(Records from a data source)
= Beginning of Section =

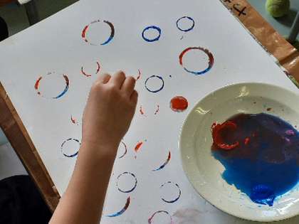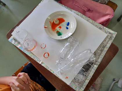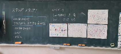 1年生の図工「みのまわりのものでうつしながらかたちを見つける」というめあてです。ペットボトルキャップやプリンカップ、小さな器に絵の具をつけて、ペタペタと画用紙にうつしていきました。はじめは、「手が汚れる!」という声も聞こえましたが、しばらくすると熱中していました。そして、「あっ、車に見える」「お花を見つけた」などめあてを達成している子がたくさんいました。
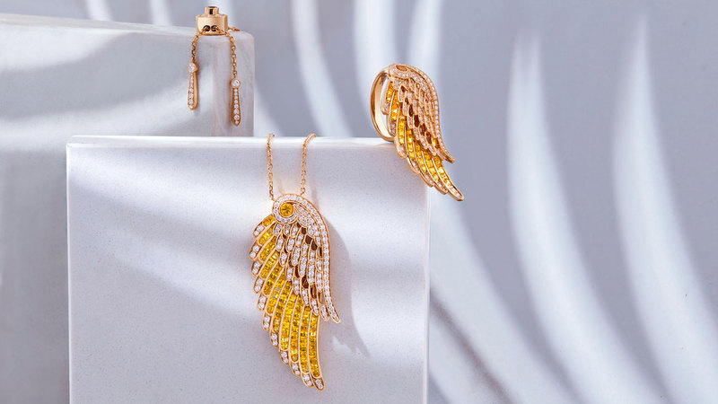 طرحت دار Garrard للمجوهرات إصداراً جديداً من مجموعة «وينجس إمبريس» المفضّلة لدى عشاق العلامة، ويزخر هذا الإصدار بتصاميم فريدة تتألق بأجمل الأحجار الكريمة الملونة. وجاءت هذه الخطوة استجابةً للطلب المتزايد على مجوهرات المجموعة المستوحاة من الألوان المتغيرة لانعكاس الضوء في الكريستال. وأبدعت دار Garrard للمجوهرات في صياغة توليفة لافتة من الياقوت الوردي والأصفر والزبرجد، ضمن نقوش أجنحة الملاك التي ترمز إلى السلام والنقاء والحماية من الخطر.
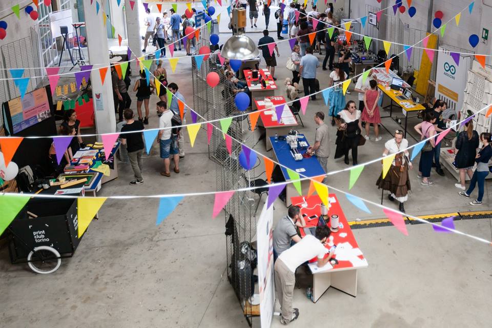 Bandiere colorate appese all’ingresso, persone in movimento e bambini che corrono divertiti, danno il benvenuto alla fiera. E’ un ambiente giovane e vivace quello che si respira oggi. Un evento organizzato da Fablab Torino, primo laboratorio di fabbricazione digitale aperto in Italia. Proprio qui si è riunita la comunità dei Makers, dei creativi, degli innovatori che fanno parte di quel movimento di “artigiani digitali del XXI secolo”, che nasce proprio dall’incontro tra il fai-da-te tradizionale e l’utilizzo di software ed apparecchiature Open Source.
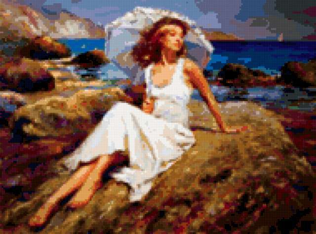 Ориентировочно так, схема вышивки «964», созданная автором Valkiriya, будет выглядеть при отшиве на канве. Размер данной вышивки равен 190x141 крестов, при этом используется 76 цветов. Ключевые слова, по которым можно найти эту схему: девушка, зонтик, море, картина, живопись. Также, вы можете взглянуть на оригинальную картинку, соответствующую данной схеме вышивки.
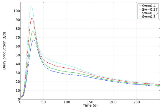 Comparison of heavy oil daily production at different degrees of water saturation.
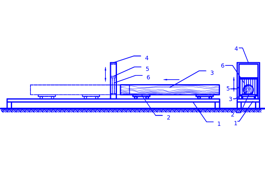 1.Станина 2. Тележки 3. Бревно 4. Портал 5. Рама 6. Ножевочное полотно
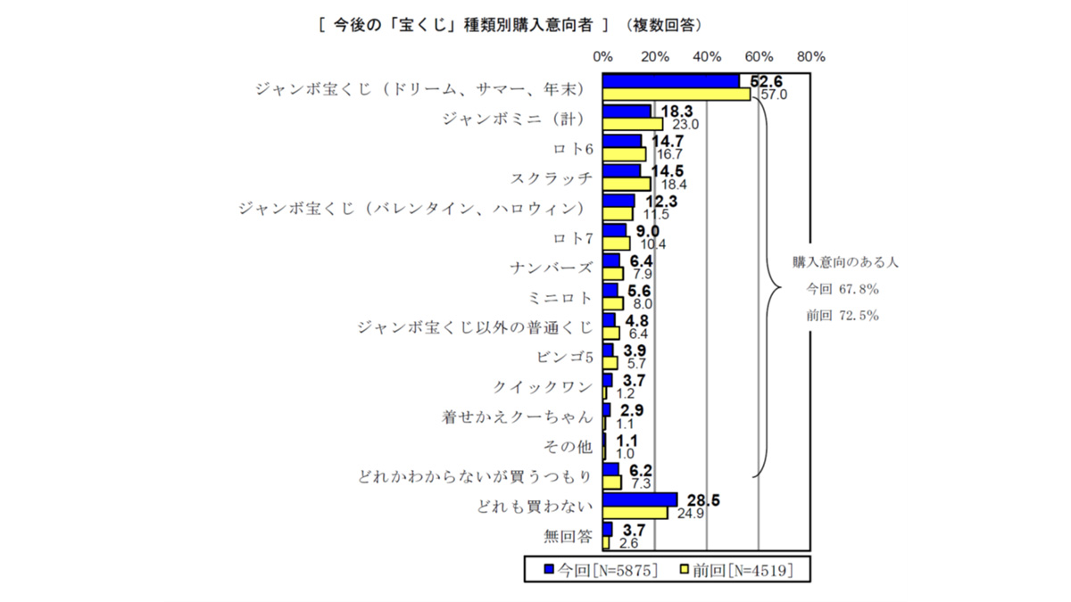 今後、宝くじの購入意向のある人は 67.8%となっている。くじ別では、「ジャンボ宝くじ(ドリーム、サマー、年末)」が 52.6%で最も多く、次いで「ジャンボミニ」、「ロト 6」、「スクラッチ」となっている。「ロト 6」、「ロト 7」、「ナンバーズ」などの数字選択式では、「ロト 6」が 14.7%で最も多くなっている。
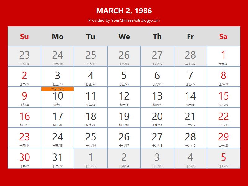Chinese Calendar Mar 02 1986: Auspicious Things to Do and Hours Bazi
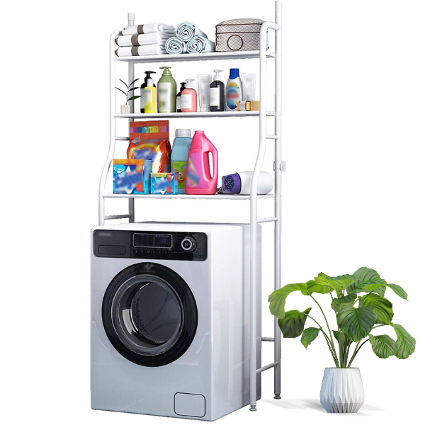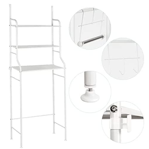 Scaffale Salvaspazio per Lavatrice da Bagno, Organizer con 3 Mensole Mobiletto Portaoggetti, Lavanderia
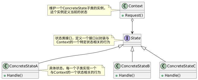 | 状态 | 多个大致相同的类,只是状态不同,随着不停的调用 一个状态会转为另一个状态(一个类转为另一个类) |
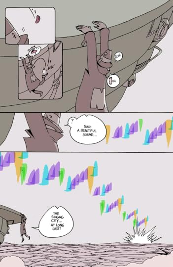 This was kind of a laid back story that meanders around a bit before coming together. The reader gets plopped down, with no explanation, into an unknown desert world with walking cities being attacked by some mysterious something, spend some time with an escaped convict trying to find the long lost daughter of an old friend, then some time with the daughter. These three storylines converge near the end, with a lot of weirdness. The story is interesting, with lots of moody moods, some intrigue, a bit of action, and a lot of what's going on here- basically, don't expect to fully know what happening, and be prepared to speculate (which can be quite fun). I enjoyed the fill in the blanks aspect, but YMMV. The art is the star here- it does the heavy labor, the world building. There is an incredible amount of detail in the illustration, and sometimes several pages will go by without any text and you don't notice, because the story is moved along so well by the art. The art is gorgeous, with qualities of Moebius and Windsor McCay while being unique, and really adds to the dreamlike quality of the story. Read this if you want a trippy escape from reality that you don't have to think about too hard; you can just let this wash over you, and get caught up in the flow.
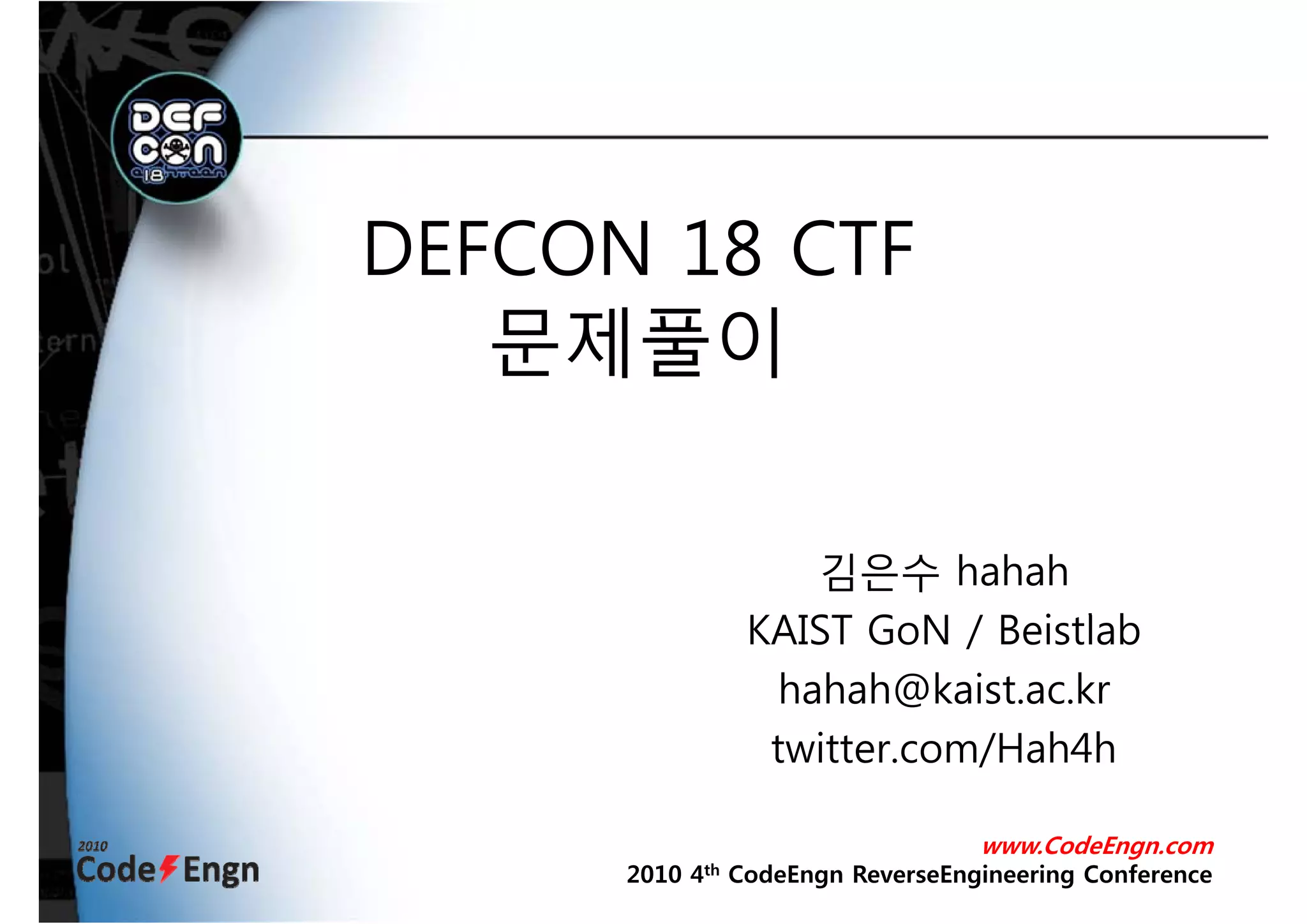 2010년 5월 22~24일, 세계 최대의 해커들의 축제인 DEFCON 18의 CTF 예선이 열렸습니다. Kaist 보안동아리 GoN 팀으로 참여하면서 느낀 이번 DEFCON CTF 예선에 대한 전반적인 리뷰와 함께, 여러 문제 분야들 중 Binary l33tness, Pwtent pwnables 분야의 문제들의 풀이를 해보고자 한다. (Defcon 18 CTF 예선전 전체 529팀에서 6위로 본선진출)
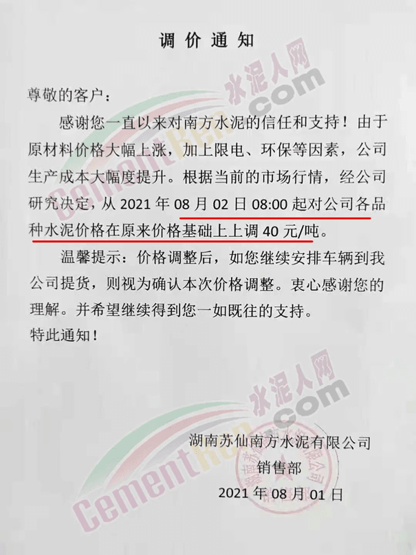 湖南郴州市蘇仙區(qū)南方水泥有限公司調(diào)價通知稱,由于原材料價格大幅上漲,加上限電、環(huán)保等因素,公司生產(chǎn)成本大幅度提升。根據(jù)當(dāng)前的市場行情,經(jīng)公司研究決定,從8月2日8時起對公司各品種水泥價格在原來價格基礎(chǔ)上上調(diào)40元/噸。
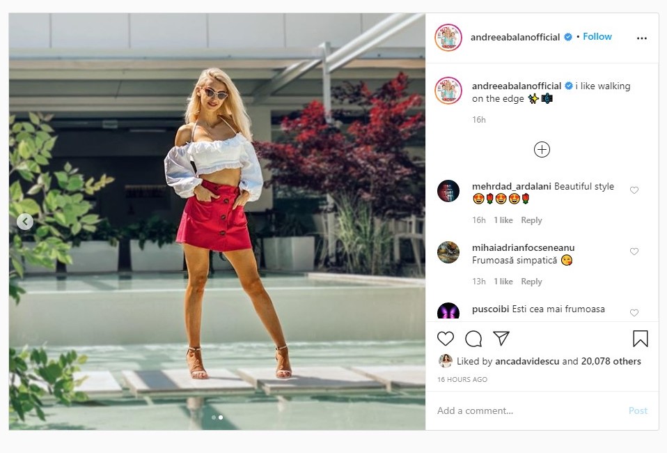 În imagine, Andreea este îmbrăcată cu o fustă scurtă roz și cu o bluză tip bustieră, care lasă la vedere abdomenul lucrat al solistei. Desigur, fanii au complimentat-o în număr mare.
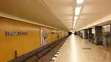 Rümmler designed a 110 meter long and almost nine meter wide central platform with two entrances. The design is similar to the contemporary metro station Möckernbrücke on the U7 line: The walls behind the tracks are tiled in yellow, the supporting pillars and the wall under the bridge, which divides the platform almost the entire length, are covered with dark basalt . The floor received bright ceramic tiles, A special feature was also the public address system: Instead of many distributed speakers, the station had a single track-long sound pipe, which had only one central speaker. The sound could escape through numerous small openings above the platform. Meanwhile, the station has a normal public address system.
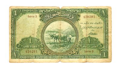 The signature of Ottoman Sultan Mehmet Resad can also be seen on the top-left of the bills, and "Giesecke & Devrient" – the print house that issued the bills – is on the bottom-left.
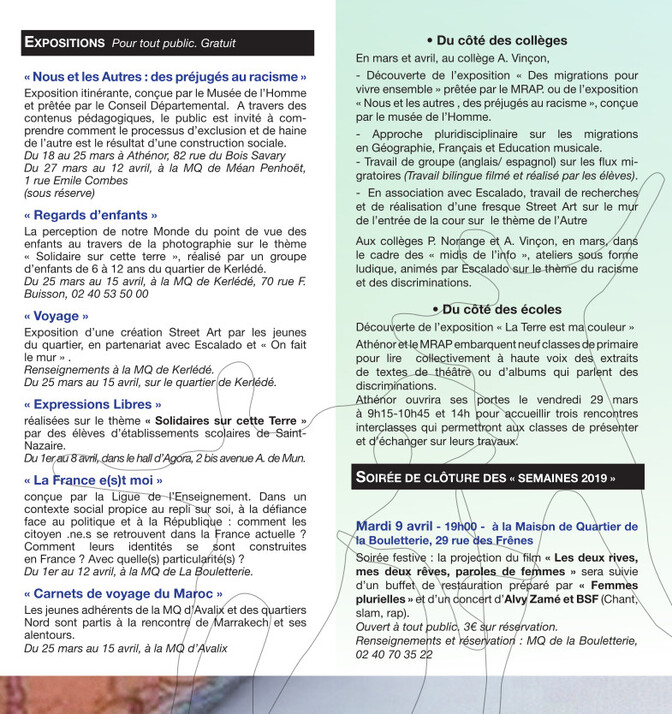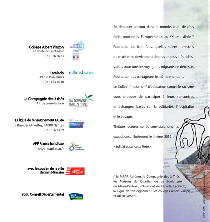 * le MRAP, Athénor, la Compagnie des 3 Thés, les Maisons de Quartier de La Bouletterie, de Méan-Penhoët, d’Avalix et de Kerlédé, Escalado, la Ligue de l’enseignement FAL44, les collèges Albert Vinçon et Julien Lambot.

= End of Section =

## Exercise requirements
Write back the stretch of lines above that begins with the line holding "طرحت دار Garrard" and ends with the line holding "多个大致相同的类,只是状态不同,随着不停的调用 一个状态会转为另一个状态(一个类转为另一个类) |", both included, exactly as written. Pictures stay out.

## Reply to the task
 طرحت دار Garrard للمجوهرات إصداراً جديداً من مجموعة «وينجس إمبريس» المفضّلة لدى عشاق العلامة، ويزخر هذا الإصدار بتصاميم فريدة تتألق بأجمل الأحجار الكريمة الملونة. وجاءت هذه الخطوة استجابةً للطلب المتزايد على مجوهرات المجموعة المستوحاة من الألوان المتغيرة لانعكاس الضوء في الكريستال. وأبدعت دار Garrard للمجوهرات في صياغة توليفة لافتة من الياقوت الوردي والأصفر والزبرجد، ضمن نقوش أجنحة الملاك التي ترمز إلى السلام والنقاء والحماية من الخطر.
 Bandiere colorate appese all’ingresso, persone in movimento e bambini che corrono divertiti, danno il benvenuto alla fiera. E’ un ambiente giovane e vivace quello che si respira oggi. Un evento organizzato da Fablab Torino, primo laboratorio di fabbricazione digitale aperto in Italia. Proprio qui si è riunita la comunità dei Makers, dei creativi, degli innovatori che fanno parte di quel movimento di “artigiani digitali del XXI secolo”, che nasce proprio dall’incontro tra il fai-da-te tradizionale e l’utilizzo di software ed apparecchiature Open Source.
 Ориентировочно так, схема вышивки «964», созданная автором Valkiriya, будет выглядеть при отшиве на канве. Размер данной вышивки равен 190x141 крестов, при этом используется 76 цветов. Ключевые слова, по которым можно найти эту схему: девушка, зонтик, море, картина, живопись. Также, вы можете взглянуть на оригинальную картинку, соответствующую данной схеме вышивки.
 Comparison of heavy oil daily production at different degrees of water saturation.
 1.Станина 2. Тележки 3. Бревно 4. Портал 5. Рама 6. Ножевочное полотно
 今後、宝くじの購入意向のある人は 67.8%となっている。くじ別では、「ジャンボ宝くじ(ドリーム、サマー、年末)」が 52.6%で最も多く、次いで「ジャンボミニ」、「ロト 6」、「スクラッチ」となっている。「ロト 6」、「ロト 7」、「ナンバーズ」などの数字選択式では、「ロト 6」が 14.7%で最も多くなっている。
Chinese Calendar Mar 02 1986: Auspicious Things to Do and Hours Bazi
 Scaffale Salvaspazio per Lavatrice da Bagno, Organizer con 3 Mensole Mobiletto Portaoggetti, Lavanderia
 | 状态 | 多个大致相同的类,只是状态不同,随着不停的调用 一个状态会转为另一个状态(一个类转为另一个类) |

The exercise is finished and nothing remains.